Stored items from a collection
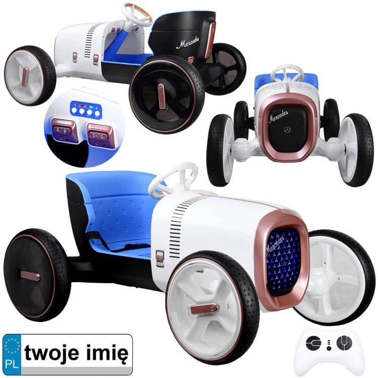 Futurystyczny Mercedes Vision Simplex samochód dla dzieci to propozycja na ten sezon. W realu to unikatowy model stworzony przez Mercedes jest próbą połączenia klasycznej stylistyki z lat dwudziestych z najnowszymi rozwiązaniami technicznymi, co jak widać wyszło nietuzinkowo.Samochód dla dzieci Mercedes Vision Simplex został tak wykonany iż każdy mały kierowca będzie czuł się w nim wyśmienicie i prestiżowo.Najnowsza wersja licencjonowanego Mercedes Vision Simplex posiada 2 mocne silniki 12V 35W + 1 x akumulator żelowy 12V 7Ah + PILOT 2,4Ghz dla rodzica.
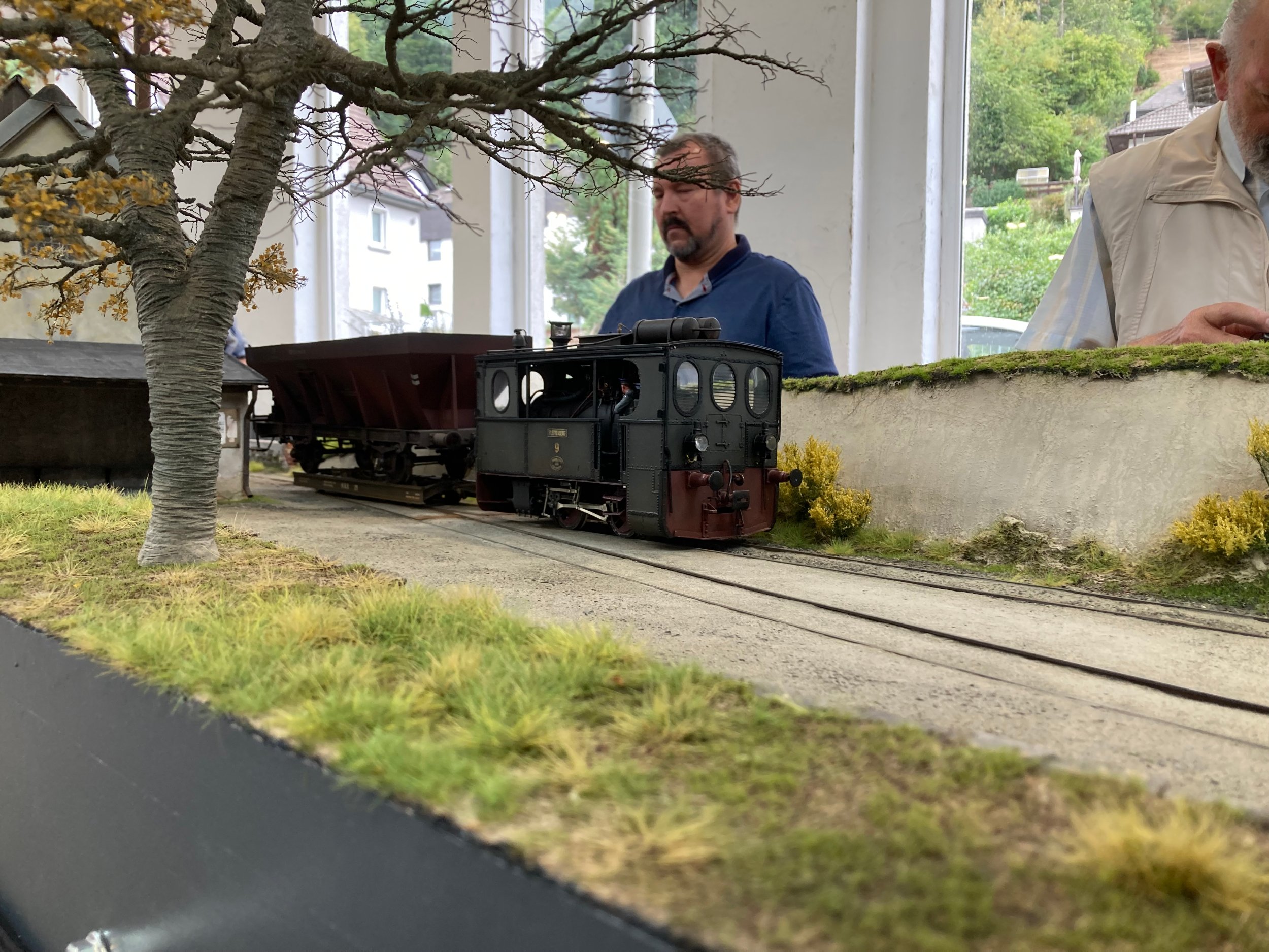 Das Modell der Hagans-Lok 5 OESTER von Wilfried Suttorp (digitalisiert von Gerd Hegny) an der Rollwagenanlage. Die Lok besaß zusätzlich zur Mittelpuffer-Balancierkupplung noch eine Trompetenkupplung für die Rollwagen – Foto: Frank Specht
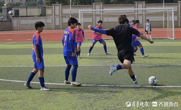 八月黎明的阳光盛暑而扎眼,济南历城二中女足身着蓝色和粉色的球衣分红两队,还是运转了测验。“快快快,构成东说念主墙!”喝彩声、呼应声雄起雌伏,球在空中划过一说念说念苍劲有劲的曲线。
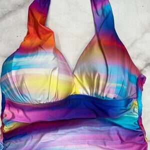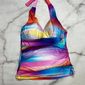 La Blanca Sunset Shores Halter Tankini Swim Top Size 4 Colorful Slimming New
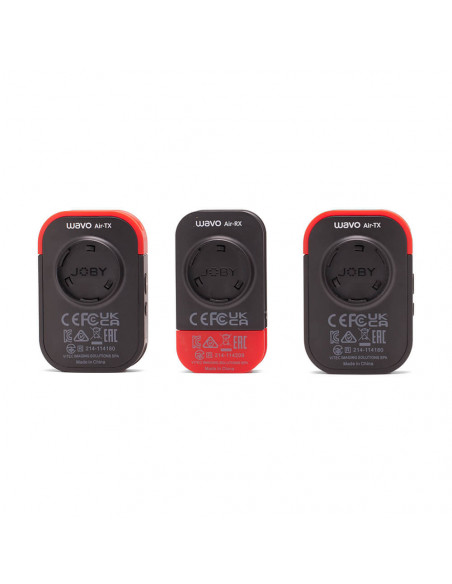 JOBY Wavo Air Includes 2x lav microphones and dual transmitter (TX) and a Wavo Air receiver (RX) and accessories.
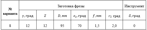 ДЗ 3: Формирование торцевого зуба на режущем инструменте вариант 8
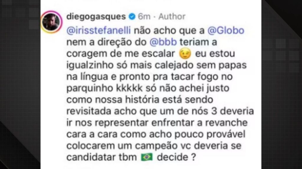 Em um comentário nas redes sociais, Íris sugeriu diretamente a volta do campeão ao reality. “Põe o Alemão”, escreveu a ex-participante. Diego respondeu de forma bem-humorada e direta, mantendo o tom que o consagrou no programa.
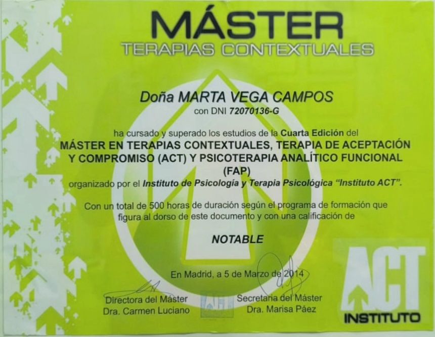 Podría escribir horas a cerca de su increíble trabajo. Estoy muy agradecida y sin lugar a duda la recomendaría a todo el mundo.• Marta Vega Campos Centro de Psicología Contextual • Terapias contextuales/ de tercera generación •
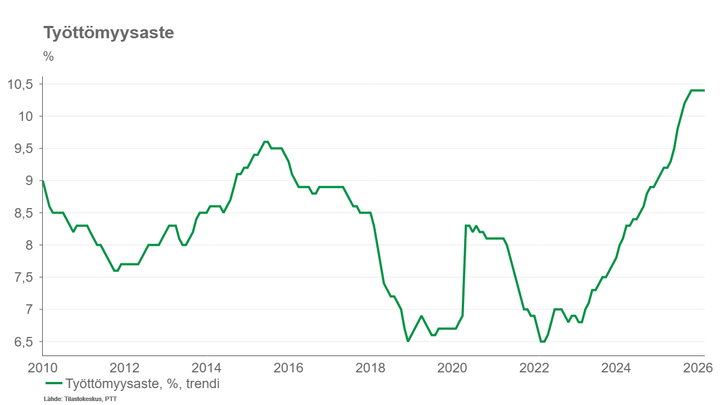 Tilastokeskuksen työvoimatutkimuksen mukaan 15–74-vuotiaita työllisiä oli vuoden 2026 maaliskuussa 22 000 vähemmän kuin vuosi sitten. Saman ikäisiä työttömiä oli 30 000 enemmän. 15–64-vuotiaiden työllisyysasteen trendiluku oli 71,0 %. 15–74-vuotiaiden työttömyysasteen trendiluku oli 10,4 %.
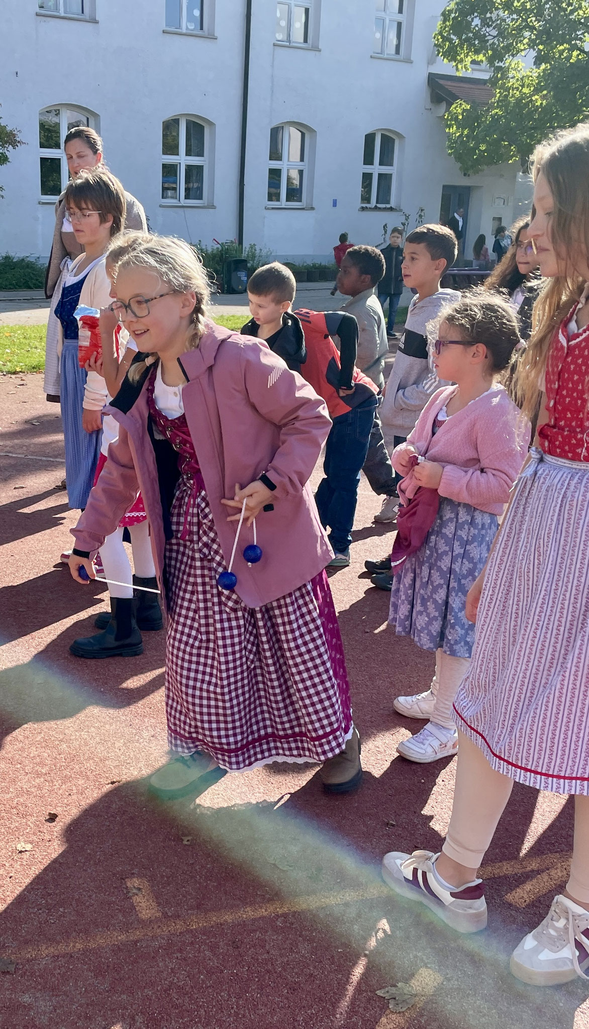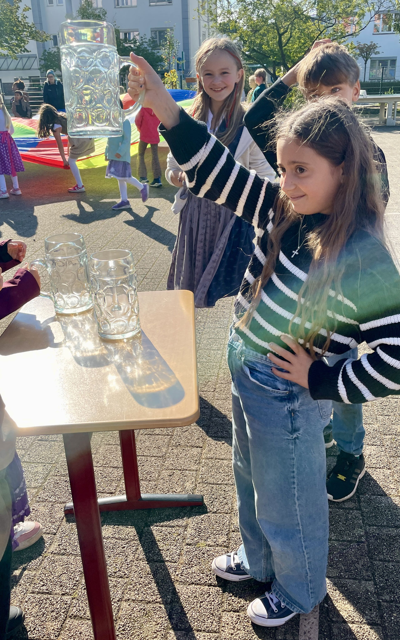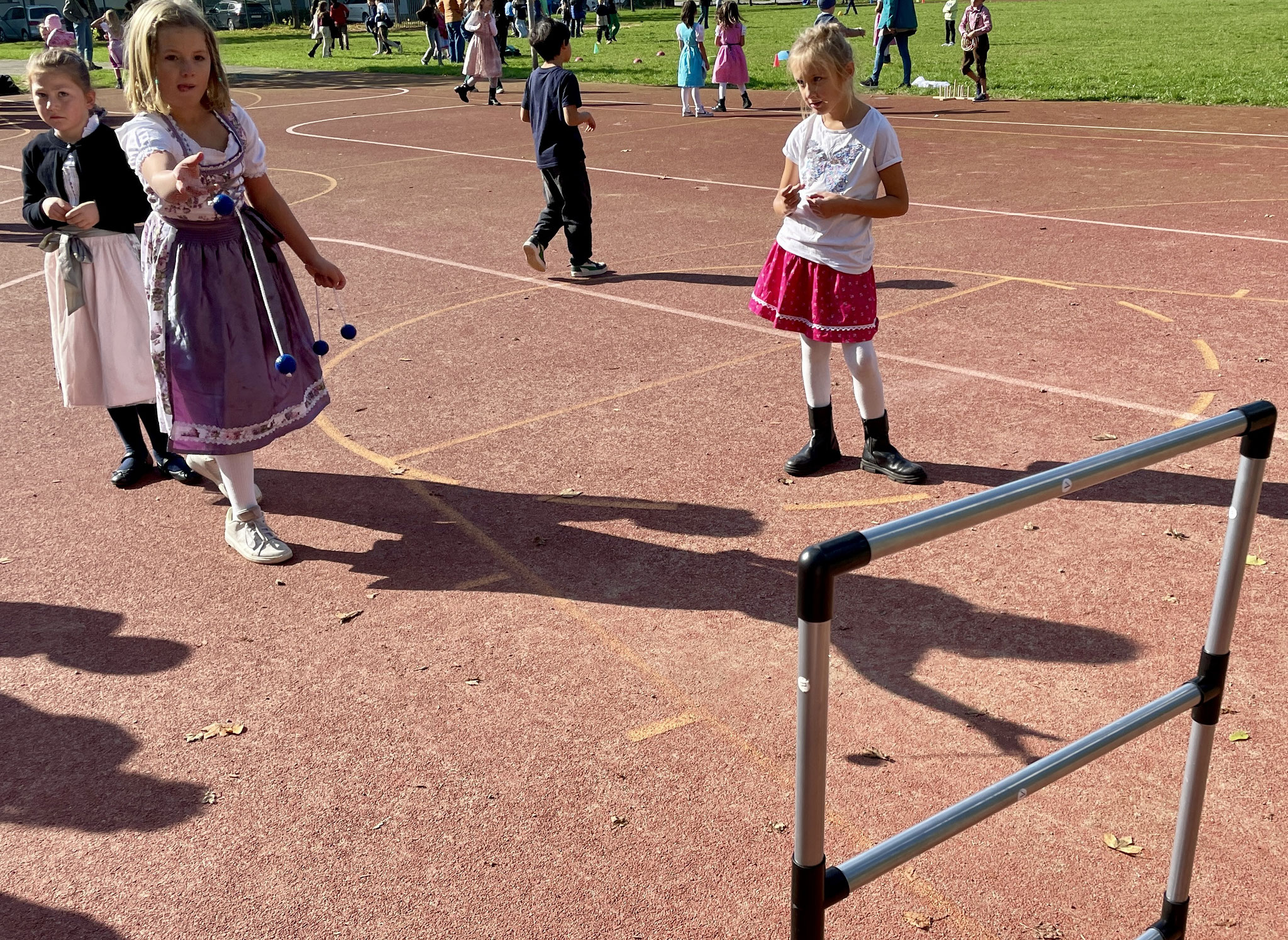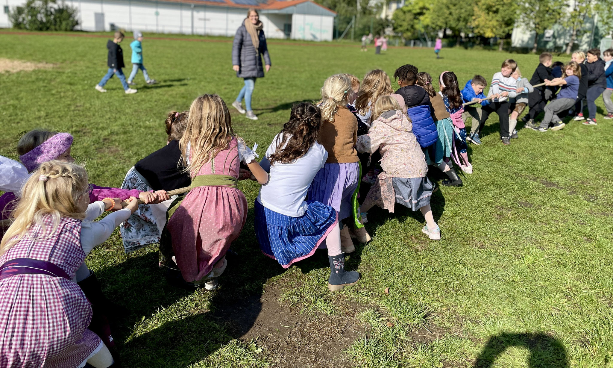 Mit zünftiger, bayerischer Musik im Hintergrund genossen unsere Kinder Spiel und Spaß an der frischen Luft. Einige Schülerinnen und Schüler sowie Lehrkräfte kamen an diesem Tag gern im Dirndl oder in der Lederhos`n zur Schule.

● **Action item**
With the pictures left out, write out exactly the lines above from the one containing "JOBY Wavo Air" through the one containing "Em um comentário".

● **Answer box**
 JOBY Wavo Air Includes 2x lav microphones and dual transmitter (TX) and a Wavo Air receiver (RX) and accessories.
 ДЗ 3: Формирование торцевого зуба на режущем инструменте вариант 8
 Em um comentário nas redes sociais, Íris sugeriu diretamente a volta do campeão ao reality. “Põe o Alemão”, escreveu a ex-participante. Diego respondeu de forma bem-humorada e direta, mantendo o tom que o consagrou no programa.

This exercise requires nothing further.